* **GOAL OF THE EXERCISE**
Please output exactly the lines below, starting at the line that has "Мы начинаем заливать, дальше" and ending at the line that has "立待岬の整備された園地の一角", both included; leave out all pictures and include nothing else.

* **DATA EXTRACTS**

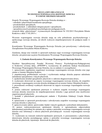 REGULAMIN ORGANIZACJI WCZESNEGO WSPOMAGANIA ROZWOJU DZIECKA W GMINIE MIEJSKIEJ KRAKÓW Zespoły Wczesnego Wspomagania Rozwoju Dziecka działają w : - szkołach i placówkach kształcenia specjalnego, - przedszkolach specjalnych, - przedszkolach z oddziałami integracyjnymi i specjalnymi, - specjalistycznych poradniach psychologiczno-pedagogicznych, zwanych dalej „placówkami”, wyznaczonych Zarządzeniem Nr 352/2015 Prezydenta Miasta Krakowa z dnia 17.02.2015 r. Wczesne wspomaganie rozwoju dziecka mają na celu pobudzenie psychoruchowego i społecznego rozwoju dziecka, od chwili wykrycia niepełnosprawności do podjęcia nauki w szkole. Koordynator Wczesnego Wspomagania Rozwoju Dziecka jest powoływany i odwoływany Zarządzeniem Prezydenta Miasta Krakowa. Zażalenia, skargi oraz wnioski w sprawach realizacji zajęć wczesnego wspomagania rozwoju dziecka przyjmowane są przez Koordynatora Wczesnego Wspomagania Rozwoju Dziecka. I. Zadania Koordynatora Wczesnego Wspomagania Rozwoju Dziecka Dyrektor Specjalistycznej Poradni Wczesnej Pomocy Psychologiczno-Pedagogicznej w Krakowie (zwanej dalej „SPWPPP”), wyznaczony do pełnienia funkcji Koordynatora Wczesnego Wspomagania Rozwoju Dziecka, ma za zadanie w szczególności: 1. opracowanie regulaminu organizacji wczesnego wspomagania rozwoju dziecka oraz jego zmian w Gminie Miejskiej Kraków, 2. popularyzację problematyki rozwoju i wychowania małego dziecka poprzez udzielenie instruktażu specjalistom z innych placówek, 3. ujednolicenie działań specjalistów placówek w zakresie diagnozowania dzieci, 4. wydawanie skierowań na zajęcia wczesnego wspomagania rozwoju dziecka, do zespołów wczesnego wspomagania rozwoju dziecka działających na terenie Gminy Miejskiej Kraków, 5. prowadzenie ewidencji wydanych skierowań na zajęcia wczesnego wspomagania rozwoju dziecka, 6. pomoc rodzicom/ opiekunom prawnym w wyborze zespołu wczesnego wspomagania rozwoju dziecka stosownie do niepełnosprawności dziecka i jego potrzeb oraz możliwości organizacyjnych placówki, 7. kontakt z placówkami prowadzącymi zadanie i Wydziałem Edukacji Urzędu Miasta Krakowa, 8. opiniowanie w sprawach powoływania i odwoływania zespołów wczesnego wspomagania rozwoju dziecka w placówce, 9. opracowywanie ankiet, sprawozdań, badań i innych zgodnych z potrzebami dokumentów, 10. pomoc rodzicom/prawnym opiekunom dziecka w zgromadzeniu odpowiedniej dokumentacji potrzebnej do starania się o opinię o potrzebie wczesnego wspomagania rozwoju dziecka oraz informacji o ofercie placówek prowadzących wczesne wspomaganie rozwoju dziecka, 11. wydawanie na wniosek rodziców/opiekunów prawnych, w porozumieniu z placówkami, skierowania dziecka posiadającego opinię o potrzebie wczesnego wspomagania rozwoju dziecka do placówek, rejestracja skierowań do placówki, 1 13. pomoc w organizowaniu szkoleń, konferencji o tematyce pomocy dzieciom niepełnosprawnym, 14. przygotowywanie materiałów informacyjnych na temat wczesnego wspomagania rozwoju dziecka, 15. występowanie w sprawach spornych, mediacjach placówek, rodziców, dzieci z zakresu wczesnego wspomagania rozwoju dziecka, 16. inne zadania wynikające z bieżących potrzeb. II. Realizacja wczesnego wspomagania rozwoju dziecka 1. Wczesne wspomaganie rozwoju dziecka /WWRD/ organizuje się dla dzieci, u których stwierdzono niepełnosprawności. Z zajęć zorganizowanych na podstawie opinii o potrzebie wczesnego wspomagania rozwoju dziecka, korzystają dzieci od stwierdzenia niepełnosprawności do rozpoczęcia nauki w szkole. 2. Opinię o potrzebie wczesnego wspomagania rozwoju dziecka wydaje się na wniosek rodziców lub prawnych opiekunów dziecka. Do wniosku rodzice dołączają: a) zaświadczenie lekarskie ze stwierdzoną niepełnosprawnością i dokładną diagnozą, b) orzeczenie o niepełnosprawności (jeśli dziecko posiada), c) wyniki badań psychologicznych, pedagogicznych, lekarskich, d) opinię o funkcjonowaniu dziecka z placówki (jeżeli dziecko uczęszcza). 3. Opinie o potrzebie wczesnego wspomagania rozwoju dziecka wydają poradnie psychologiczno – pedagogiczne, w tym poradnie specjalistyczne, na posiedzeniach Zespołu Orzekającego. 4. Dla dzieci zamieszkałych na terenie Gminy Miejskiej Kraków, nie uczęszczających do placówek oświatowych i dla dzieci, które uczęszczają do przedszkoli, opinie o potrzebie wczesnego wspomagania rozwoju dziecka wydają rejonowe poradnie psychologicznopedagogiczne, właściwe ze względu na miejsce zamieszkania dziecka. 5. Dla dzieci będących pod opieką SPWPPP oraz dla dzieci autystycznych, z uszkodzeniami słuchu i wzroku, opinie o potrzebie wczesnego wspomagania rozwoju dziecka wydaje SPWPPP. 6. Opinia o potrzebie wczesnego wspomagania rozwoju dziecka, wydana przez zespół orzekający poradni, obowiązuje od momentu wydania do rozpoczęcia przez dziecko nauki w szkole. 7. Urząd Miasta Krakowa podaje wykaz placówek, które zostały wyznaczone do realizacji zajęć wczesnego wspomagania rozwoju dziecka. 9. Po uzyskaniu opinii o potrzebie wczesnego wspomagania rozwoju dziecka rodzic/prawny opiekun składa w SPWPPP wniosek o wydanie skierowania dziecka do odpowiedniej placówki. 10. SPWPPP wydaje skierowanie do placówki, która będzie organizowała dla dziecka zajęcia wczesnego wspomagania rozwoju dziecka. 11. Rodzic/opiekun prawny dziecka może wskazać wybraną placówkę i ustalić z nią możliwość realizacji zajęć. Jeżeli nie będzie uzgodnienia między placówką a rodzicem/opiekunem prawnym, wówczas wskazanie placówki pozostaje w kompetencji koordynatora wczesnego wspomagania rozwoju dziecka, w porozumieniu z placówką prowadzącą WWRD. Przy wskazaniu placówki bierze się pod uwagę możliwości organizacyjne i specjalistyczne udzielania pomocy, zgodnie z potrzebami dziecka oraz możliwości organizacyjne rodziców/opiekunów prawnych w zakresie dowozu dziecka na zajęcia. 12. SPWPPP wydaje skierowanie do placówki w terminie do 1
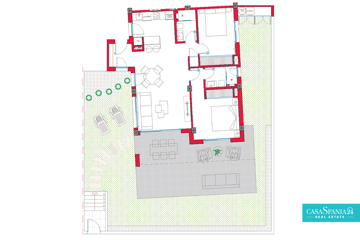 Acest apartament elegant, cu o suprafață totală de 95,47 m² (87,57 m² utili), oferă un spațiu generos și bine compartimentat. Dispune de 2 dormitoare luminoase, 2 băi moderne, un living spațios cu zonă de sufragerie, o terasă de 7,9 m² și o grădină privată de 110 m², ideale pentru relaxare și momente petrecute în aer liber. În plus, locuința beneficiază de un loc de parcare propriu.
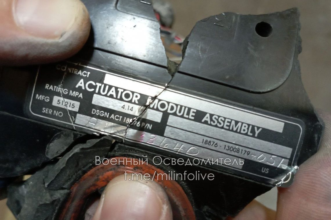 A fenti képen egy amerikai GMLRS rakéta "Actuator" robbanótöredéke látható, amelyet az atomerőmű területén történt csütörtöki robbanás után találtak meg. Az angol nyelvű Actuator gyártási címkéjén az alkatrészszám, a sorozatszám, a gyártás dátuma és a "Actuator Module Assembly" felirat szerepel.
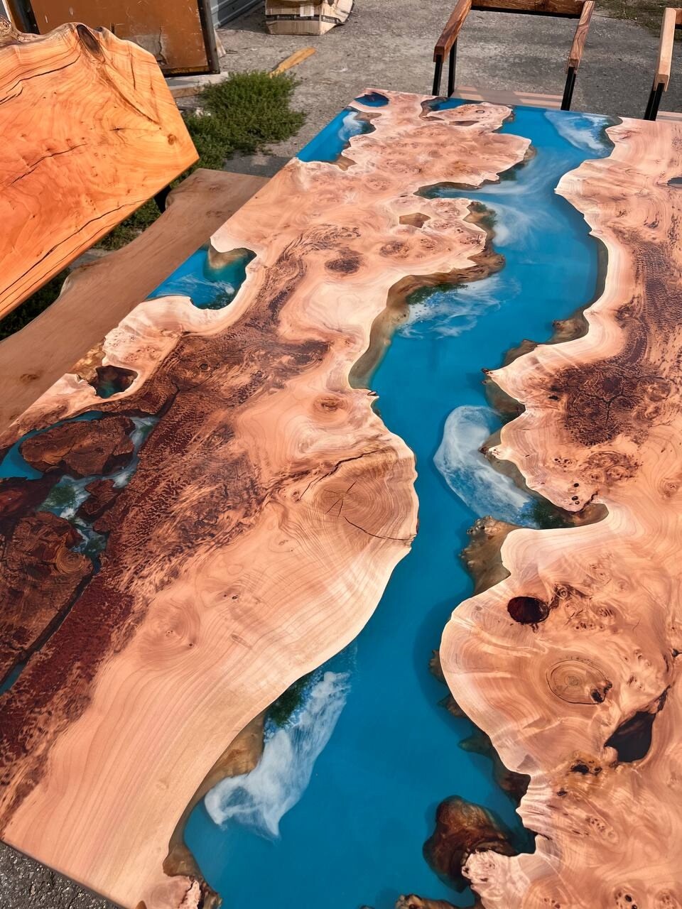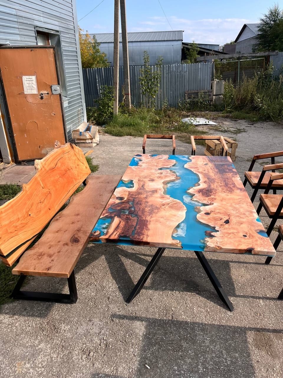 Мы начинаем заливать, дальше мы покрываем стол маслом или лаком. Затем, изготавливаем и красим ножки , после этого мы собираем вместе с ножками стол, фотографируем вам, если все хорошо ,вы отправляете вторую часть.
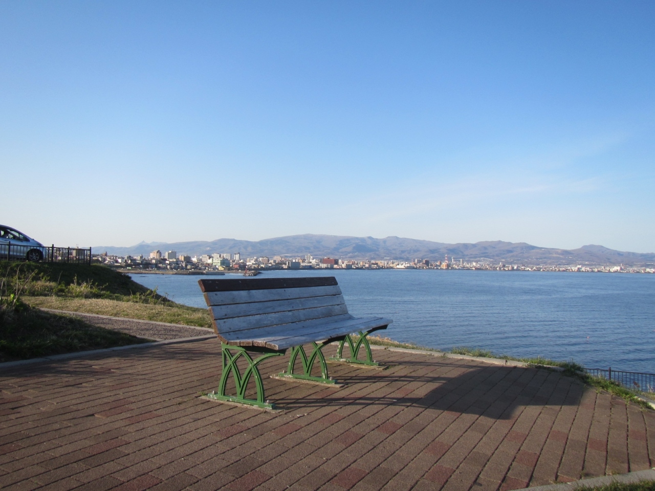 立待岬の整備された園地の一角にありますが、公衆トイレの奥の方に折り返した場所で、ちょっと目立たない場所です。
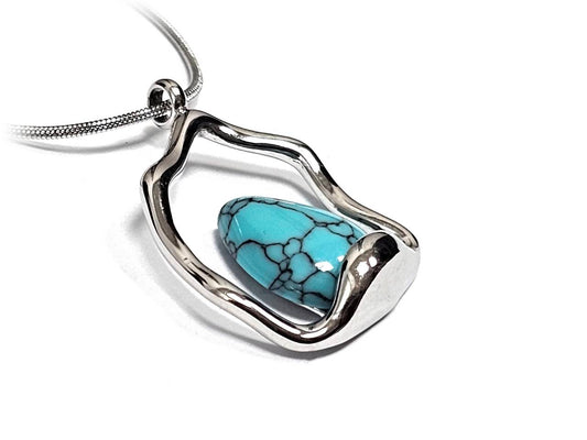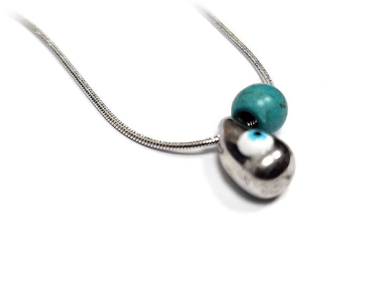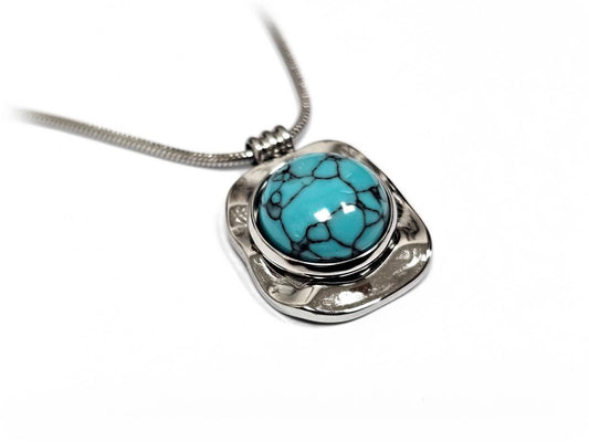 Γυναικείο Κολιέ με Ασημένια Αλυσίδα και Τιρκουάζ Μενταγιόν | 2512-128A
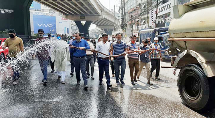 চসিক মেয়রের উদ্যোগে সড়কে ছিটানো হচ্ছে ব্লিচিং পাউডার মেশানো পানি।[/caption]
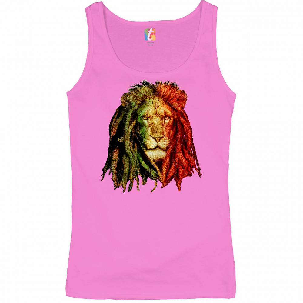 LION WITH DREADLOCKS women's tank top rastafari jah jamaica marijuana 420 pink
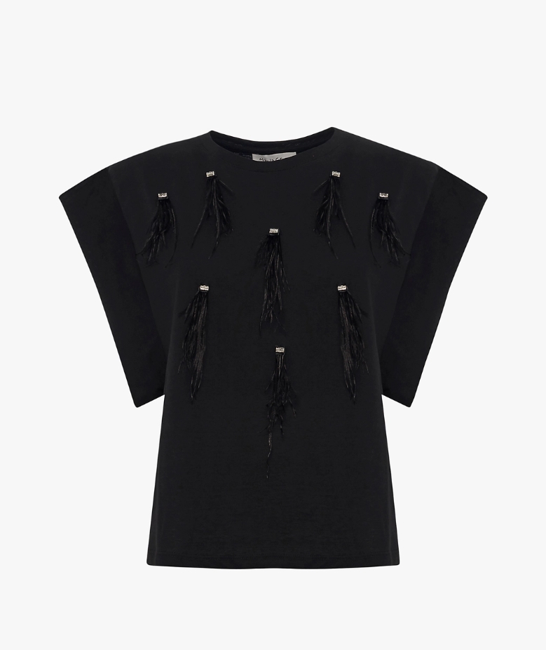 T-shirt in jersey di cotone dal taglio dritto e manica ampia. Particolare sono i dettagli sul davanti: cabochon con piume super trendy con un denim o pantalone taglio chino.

* **RESPONSE AREA**
 Мы начинаем заливать, дальше мы покрываем стол маслом или лаком. Затем, изготавливаем и красим ножки , после этого мы собираем вместе с ножками стол, фотографируем вам, если все хорошо ,вы отправляете вторую часть.
 立待岬の整備された園地の一角にありますが、公衆トイレの奥の方に折り返した場所で、ちょっと目立たない場所です。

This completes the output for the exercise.